Task material

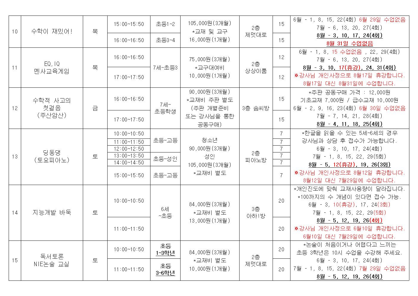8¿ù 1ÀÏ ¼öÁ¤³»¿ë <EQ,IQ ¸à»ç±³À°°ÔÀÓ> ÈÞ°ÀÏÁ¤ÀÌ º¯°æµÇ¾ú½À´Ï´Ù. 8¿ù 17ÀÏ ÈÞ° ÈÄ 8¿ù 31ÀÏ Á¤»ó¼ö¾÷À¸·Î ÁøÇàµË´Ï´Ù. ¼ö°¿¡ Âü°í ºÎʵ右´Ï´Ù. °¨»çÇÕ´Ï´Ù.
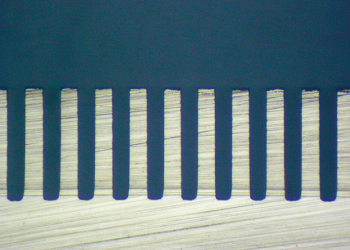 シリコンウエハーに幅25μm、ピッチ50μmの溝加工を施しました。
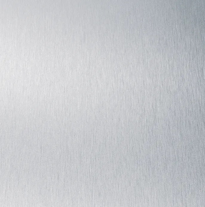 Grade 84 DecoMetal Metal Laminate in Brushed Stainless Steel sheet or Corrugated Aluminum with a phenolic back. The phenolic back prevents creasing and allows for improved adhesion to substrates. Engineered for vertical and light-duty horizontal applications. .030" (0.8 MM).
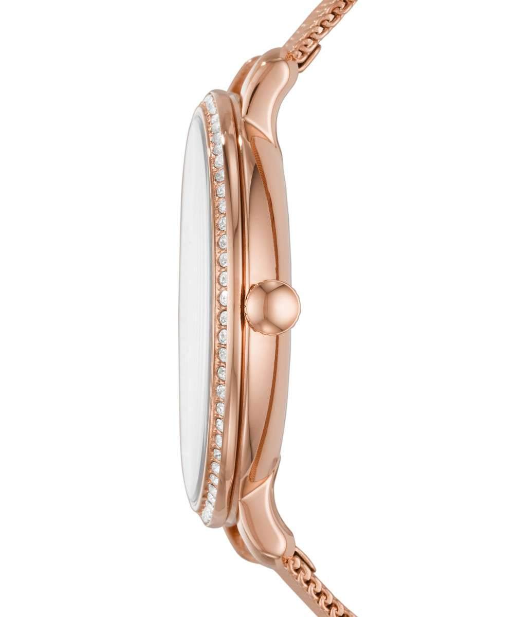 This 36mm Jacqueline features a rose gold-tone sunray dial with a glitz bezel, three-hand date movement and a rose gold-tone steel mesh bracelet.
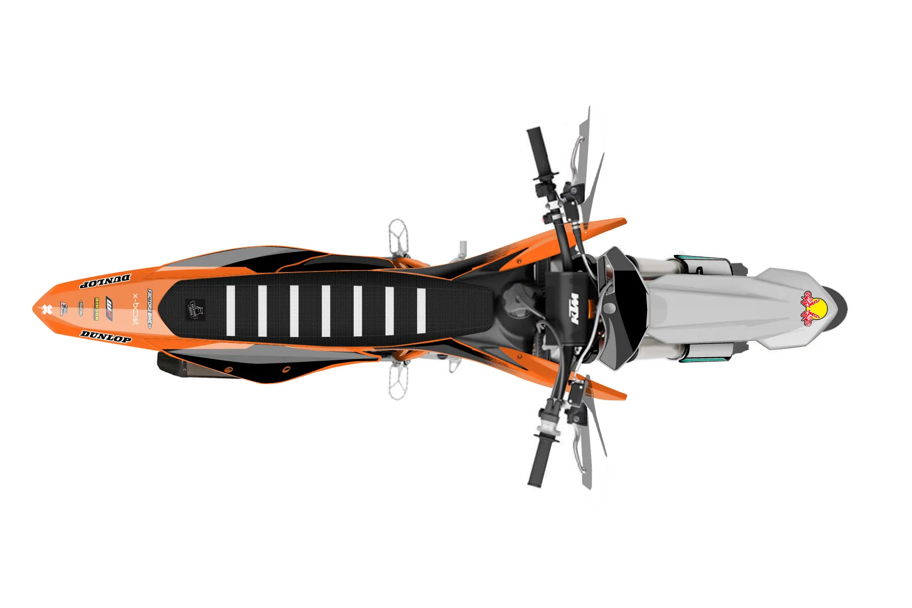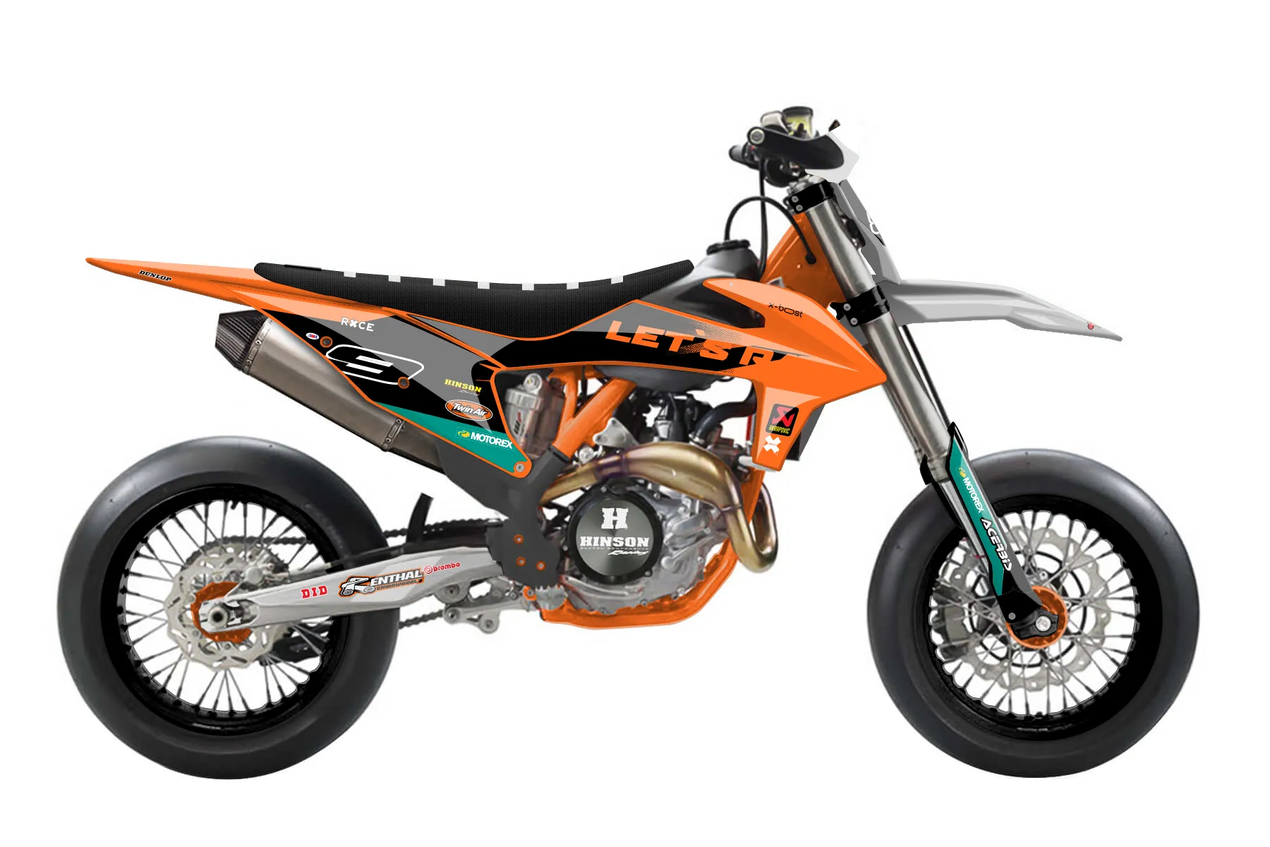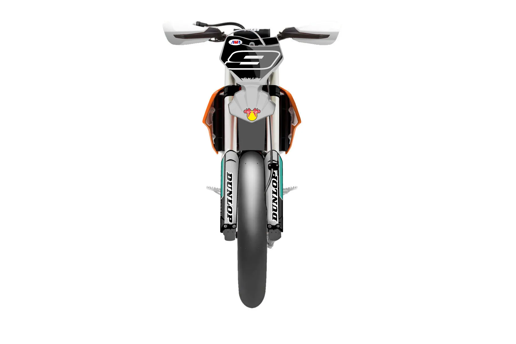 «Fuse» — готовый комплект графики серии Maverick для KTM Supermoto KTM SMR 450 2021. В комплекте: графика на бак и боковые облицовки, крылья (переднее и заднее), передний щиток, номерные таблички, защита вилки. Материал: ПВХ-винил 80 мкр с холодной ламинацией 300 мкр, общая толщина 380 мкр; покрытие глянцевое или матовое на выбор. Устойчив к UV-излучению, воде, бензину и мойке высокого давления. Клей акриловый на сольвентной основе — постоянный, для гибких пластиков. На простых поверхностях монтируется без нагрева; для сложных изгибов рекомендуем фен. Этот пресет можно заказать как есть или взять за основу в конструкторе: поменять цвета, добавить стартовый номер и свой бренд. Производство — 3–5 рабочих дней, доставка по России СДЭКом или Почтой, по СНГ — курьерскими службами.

Required action
Everything from the line with "シリコンウエハーに幅25μm、ピッチ50μmの溝加工を施しました。" down to the line with "This 36mm Jacqueline" in the data above should be copied exactly, with both end lines kept and the pictures left out.

Result for this task
 シリコンウエハーに幅25μm、ピッチ50μmの溝加工を施しました。
 Grade 84 DecoMetal Metal Laminate in Brushed Stainless Steel sheet or Corrugated Aluminum with a phenolic back. The phenolic back prevents creasing and allows for improved adhesion to substrates. Engineered for vertical and light-duty horizontal applications. .030" (0.8 MM).
 This 36mm Jacqueline features a rose gold-tone sunray dial with a glitz bezel, three-hand date movement and a rose gold-tone steel mesh bracelet.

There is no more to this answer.